Ушли, а Илье Петровичу наддал шифер этот. Надумал прибить его как-то, хоть самый крупный кусок, ведь опять ночь проворочаешься. Взял табуретку, молоток с гвоздями, куртку Витькину накинул, спустился вниз. Во дворе светло было, прибрано всё, дворники с ночи скребли да стучали, тропинки жёлтым песочком натрусили, вдоль дорожек сугробчики поднялись, давно их не видали. Все деревья, ветки – в снегу свежем, с золотистыми верхушками, тени синие… Дал Бог погодку: поминайте павших…
Два мальца взялись помогать ему, табуретку держать. Один гвоздь кое-как вбил, ну и ладно бы. Так нет – для верности второй тукать стал. И сам вниз тукнулся. Хорошо хоть ноги не поломал, ушибся только. Виктор с Люськой пришли с парада, довольные, протиснулись как-то, всё увидали. Даже как самолёт президентский над городом летел. Пуговицу, правда, потеряли, оторвалась в толпе от дублёнки новой, затоптали её. Только зашли – Люська, конечно, с ходу про потерю. Редкая какая-то пуговица, непокупная, заказывать скорняку такую надо. Но узнали о его шиферном ранении – про пуговицу, понятно, забыли. И жалеют, и смеются… Вы б, говорят, ещё и плакат полезли прибивать. Это тот, что ночью с соседнего балкона на улицу ухнулся. «Слава героям». Смеются. А нет бы услыхать ночью шифер тот да прибить или отодрать. Им-то не слышно, молодые…
Третьего дня еще одно приключение было. Старость не радость. Собрался Илья Петрович пойти в гараж за картошкой. Не в свой гараж, не было машины у него, не накулачил в прежние годы, а уж теперь – на маршрутку бы хватало. Соседу по даче, тоже Илье, только Степановичу, заложил он осенью в гаражный подпол два мешка картошки, десяток коробок с яблоками да пяток бугристых серых тыкв. Сам вырастил всё, даже тыквы. В соседнем дворе гараж находился, недалеко. Разрешил Илье когда-то исполком поставить во дворе гараж железный как инвалиду войны. Потом он его кирпичом обложил – и живи не хочу. Машина-то игрушечная, «Запорожец» с двадцатилетним стажем. До дачи заволжской весной дотянет внук, она там всё лето и стоит под брезентом. Ну на рыбалку к ближнему озеру или за хлебом в ларёк к пристани иногда дотрясутся на ней. Главное, подпол глубокий в гараже. Участок у Ильи Степановича крохотный, четыре сотки, возился он с землей мало всегда, а нынче и подавно, жена ему душу никогда не трясла по этому поводу: что вырастет, то и вырастет. Потому находилось место в подполе и для соседского урожая. Тоже невеликого.

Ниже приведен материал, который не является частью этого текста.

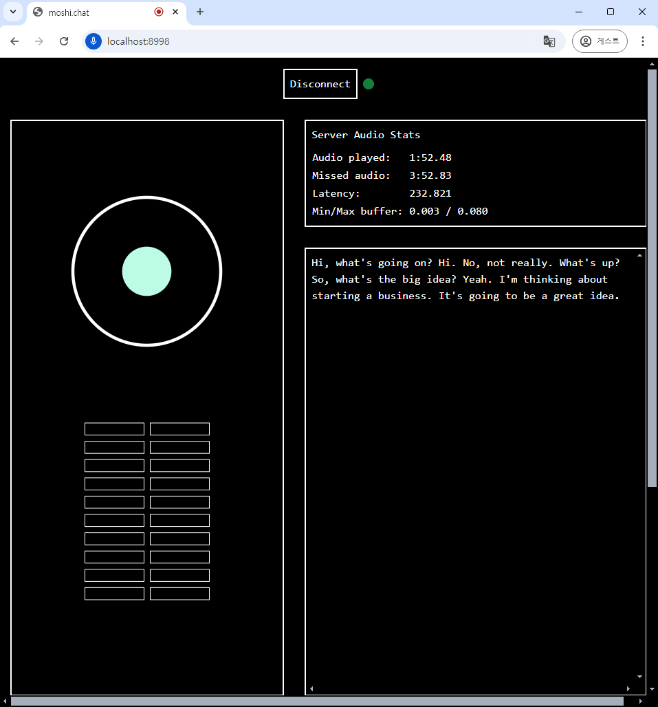 위 이미지는 Moshi가 정상적으로 실행된 화면입니다. Moshi는 사용자의 목소리를 인식하여 음성으로 답변하고, 텍스트 답변도 함께 제공합니다. 다만, 현재 사용 중인 하드웨어 사양이 부족하여 즉각적인 응답은 들을 수 없었습니다.

Можно было позавчера и Виктора вечерком послать за картошкой, но Илья Петрович, честно говоря, хотел повидаться с дачным тёзкой, разузнать, чем его одарили в честь сталинградского праздника и вообще поговорить о том о сём, по-стариковски. Столько всякого про войну писать да показывать начали, есть о чём поговорить… На войну-то он не успел, двадцать восьмой год уже не брали, а вот Илье Степановичу досталось на всю катушку, в том числе и под Сталинградом. С двадцать третьего года он, в марте восемьдесят стукнет. Но ничего, держится ещё танкист. Вот и о юбилее ему пару слов сказать надо: помню, мол, зови в гости. А там и на дачу собираться станем, как Папанин на Полюс. Кое-что и в «Запорожец» загрузить бы не мешало… Не откажи, мол, а то до пристани, если на теплоходе плыть, и молодым всё не дотащить. Ну даже если и дотащат? От пристани до их участка верста целая… Теперь в зиму полхозяйства в город с собой забираешь, баллон газовый, и тот увёз, не говоря об опрыскивателе. Воруют. Умывальник алюминиевый, так его прямо на глазах летом унесли. А уж зимой…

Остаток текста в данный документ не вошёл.